DR.C.B.STEARNS: I would like to say just a word about the difference between a solution and potency. If you put a spoonful of sugar in your cup of tea and dont stir it, it takes quite a while for it to dissolve, but if you leave it long enough, it will dissolve. If you stir it, it dissolves quickly. I believe you can make a potency without shaking if you wait long enough.

Physically, it seems to be true for it is one of the laws of matter that a substance in solution will diffuse equally throughout the solvent, if you leave it long enough. A gas diffuses equally throughout its containing body if you leave if long enough; if you agitate it, it diffuses more rapidly.

When we get into the higher dilutions. I dont know if there is a different law. I have purposely made this paper suggestive, staring with things which we know, and some things which we know, and some things that we think we know, without attempting to reach any specific conclusion.

DR. W.W.WILSON: What is the difference between a dilution and a solution? The terms “dilution,” “solution,” and “potency” have been used.

DR. G.B.STEARNS: We will assume that a solution is a solvent which contains all the solute it can dissolve, while a dilution is made by adding more solvent to a saturated solution. Solutions between some substances, such as between alcohol and water, have no point of saturation because any amount of either water or alcohol can be added to a solution between the two. The density of a solution varies with the temperature. In order to make the discussion simple, these variations were not brought out in my paper.

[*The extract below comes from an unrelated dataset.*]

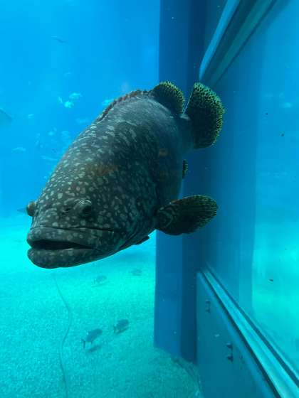 近くに来て、壁に貼り付く魚とにらめっこする子どもたちもいました。

As mentioned in he first paragraph, I assumed that high dilutions were all made in the way we make our potencies and I intentionally did not differentiate between simple dilutions and dilutions with succession. We dont know whether there is a difference between the two and discussion of that point belongs to homoeopathic philosophy. I wished to bring out points that had to do with the physics of high dilutions, points which we can utilize as thinking-posts.